Le monde rejette les armes nucléaires – la Suisse détourne (encore) le regard

La Suisse reste à l’écart du Traité sur l’interdiction des armes nucléaires (TIAN). Bien que le Conseil national et le Conseil des États aient, à plusieurs reprises, appelé le Conseil fédéral à y adhérer, ce dernier refuse toujours de signer le traité. Une tribune de Florian Eblenkamp, chargé de plaidoyer à ICAN

Officiellement, le gouvernement invoque des considérations de sécurité depuis le début de la guerre en Ukraine. Mais cet argument ne tient plus : dans sa réponse à une interpellation du conseiller national Beat Flach, le Conseil fédéral a dû reconnaître qu’une adhésion n’entraînerait aucune conséquence sur la coopération avec les partenaires internationaux. L’argument central ne tient donc plus, et il ne reste qu’une simple hésitation politique.

Pour un pays qui se veut traditionnellement gardien du droit international humanitaire, une telle position est difficile à comprendre. La Suisse ne possède pas d’armes nucléaires, et sa législation nationale oblige le gouvernement à mener une politique de sécurité et de relations extérieures exempte d’armes atomiques. Sa neutralité et sa tradition humanitaire devraient non seulement rendre une adhésion au TIAN évidente, mais même la rendre impérative. Pourtant, sans pression publique, rien ne bouge. C’est pourquoi il ne reste que la voie de l’initiative populaire : près de 100 000 signatures ont déjà été récoltées, mais pour garantir un nombre suffisant de voix valides, il en faut environ 120 000, et ce, dans les plus brefs délais.

Une majorité mondiale pour l’interdiction des armes nucléaires

Pendant que la Suisse bloque, le monde avance. Le 26 septembre 2025, le Kirghizistan et le Ghana ont signé ou ratifié le TIAN. Le traité atteint ainsi un jalon historique : une majorité mondiale des États s’est désormais prononcée clairement contre les armes nucléaires. Huit ans seulement après son adoption par l’Assemblée générale de l’ONU, et moins de cinq ans après son entrée en vigueur, le TIAN repose déjà sur une base aussi large que celle qu’avait le Traité de non-prolifération nucléaire à ses débuts.

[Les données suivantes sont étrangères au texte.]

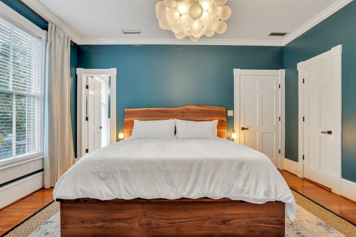 This premium home in Savannah can fit up to 10 guests with its 3 bedrooms, 2.5 bathrooms, and a short walk to Forsyth Park. With its modern amenities, including a deck, this home is great for those who want to be near everything Savannah has to offer. The professionally designed spaces offer open-concept layouts and kitchen & dining spaces perfect for entertaining.
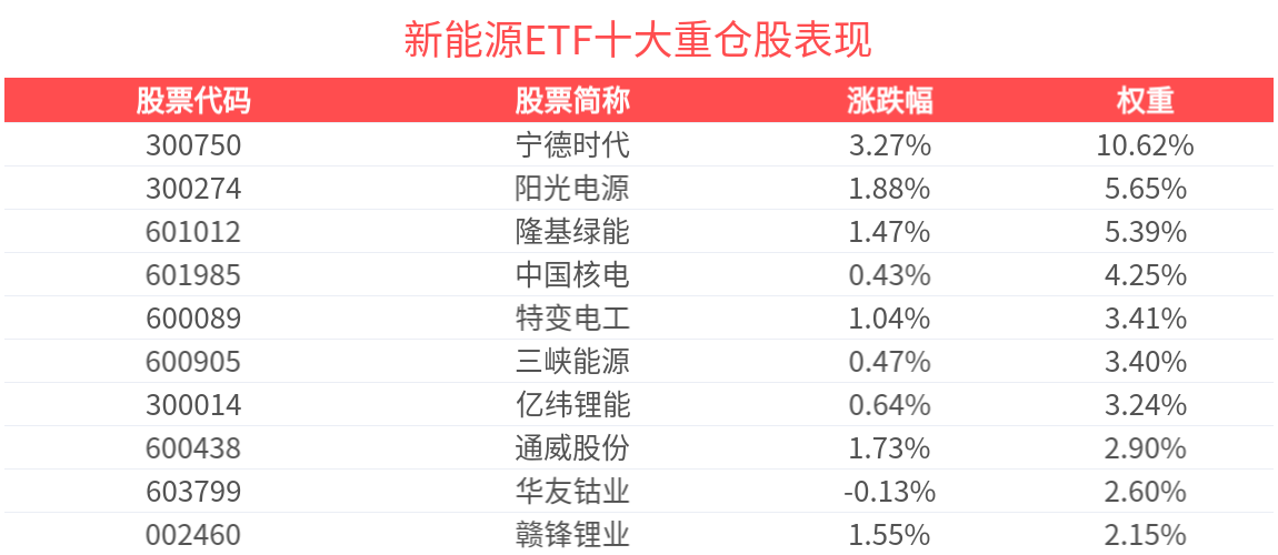 數據顯示,截至2025年5月30日,中證新能源指數前十大權重股分別為寧德時代、陽光電源、隆基綠能、中國核電、三峽能源、特變電工、億緯鋰能、華友钴業、通威股份、贛鋒鋰業,前十大權重股合計佔比44.89%。
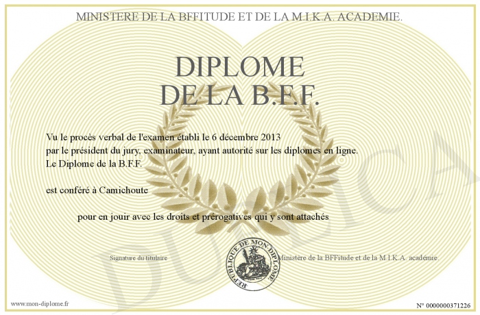 Envoyez par email votre Diplome de la B.F.F. personalisé
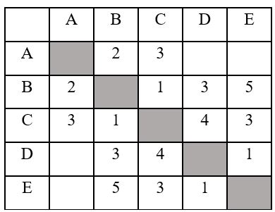 Между населенными пунктами A, B, C, D, E построены дороги, протяженность которых (в км) приведена в таблице.
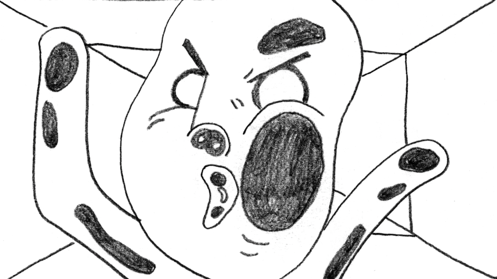 The obsession with depicting pain created new pain for me, and so on and so on. Eventually my pain was deconstructed into a series of meaningless, incomprehensible behaviors and actions. And all this effort became a complete waste of time. ” – Ape
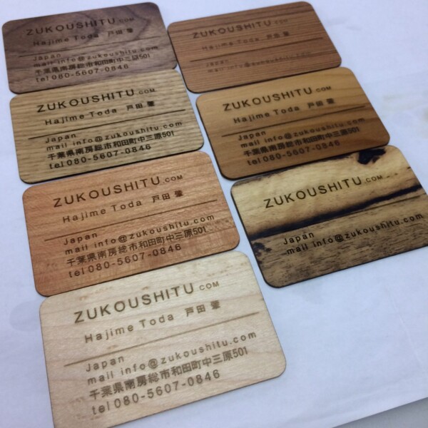 木の名刺 レーザー刻印にてオリジナルの木の名刺を製作いたします。5樹種よりお選びいただけます。
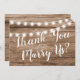 Thank you wedding officiant card featuring a rustic wood background, string lights, and a personalised template.
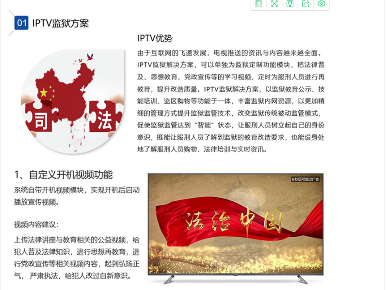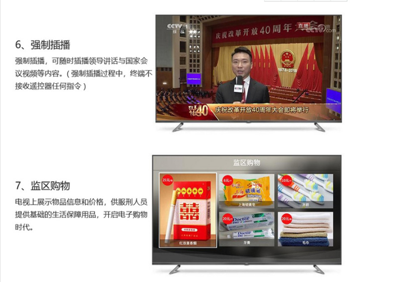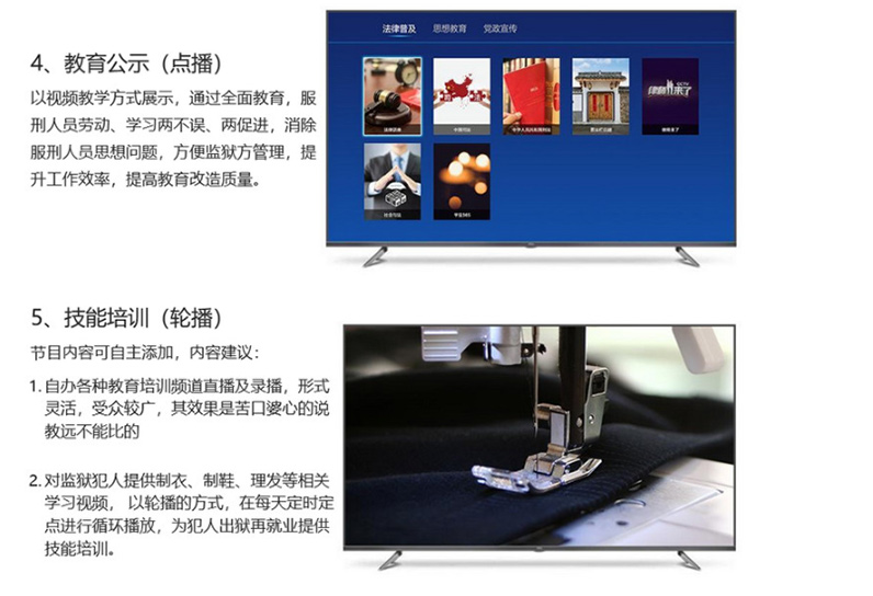 IPTV监狱解决方案,可以单独为监狱定制功能模块,把法律普及、思想教育、党政宣传等的学习视频,定时为服刑人员进行再教育,提升改造质量。IPTV监狱解决方案,以监狱教育公示、技能培训、监区购物等功能于一体,丰富监狱内网资源,以更加精细的管理方式提升监狱监管技术,改变监狱传统被动监管模式,促使监狱监管达到“智能”状态,让服刑人员树立起自己的身份意识,既能让服刑人员了解到监狱的教育改造要求,也能设身处地了解服刑人员购物、法律培训与实时资讯。

Les motivations sont claires. « Nous croyons que la sécurité naît de la coopération et de la confiance, non des armes », a déclaré le ministre kirghize des Affaires étrangères Jeenbek Kulubayev. Le président ghanéen John Dramani Mahama a parlé d’une « réaffirmation de l’engagement historique en faveur du désarmement et de la paix internationale ». Ces déclarations représentent de nombreux pays qui ont le courage de tourner le dos au vieux dogme de la dissuasion nucléaire.

Une pression croissante sur les puissances nucléaires

À chaque nouvelle adhésion, cela devient plus évident : les puissances nucléaires et leurs alliés ne sont pas la majorité, mais une minorité de plus en plus isolée. Le TIAN crée une nouvelle norme internationale qui condamne les armes nucléaires, tout comme le droit international a jadis proscrit les armes chimiques et biologiques. Cette évolution accroît la pression diplomatique sur les États qui s’accrochent encore à leurs arsenaux atomiques, et renforce aussi la responsabilité de ceux qui refusent toujours de s’engager.

Une source d’inspiration pour la Suisse

Quatre-vingts ans après les bombardements d’Hiroshima et de Nagasaki, l’objectif est plus clair que jamais : les armes nucléaires doivent disparaître. Leur pouvoir destructeur est unique, leurs conséquences humanitaires sont sans limites et se répercutent sur plusieurs générations. Qu’une majorité mondiale d’États soutienne aujourd’hui le TIAN est un signe d’espoir historique. Que la Suisse n’en fasse pas partie est un scandale.

Cette situation devrait être pour nous à la fois un avertissement et une source d’inspiration. L’inaction du Conseil fédéral n’est plus acceptable. Si des pays d’Afrique, d’Asie, d’Amérique latine et d’Europe montrent qu’une position claire contre les armes nucléaires est possible, la Suisse ne peut plus rester à l’écart. Grâce à l’initiative populaire, nous avons l’occasion de forcer le gouvernement à agir et de placer enfin notre pays du bon côté de l’histoire; pour un monde plus sûr, plus juste et libéré des armes nucléaires.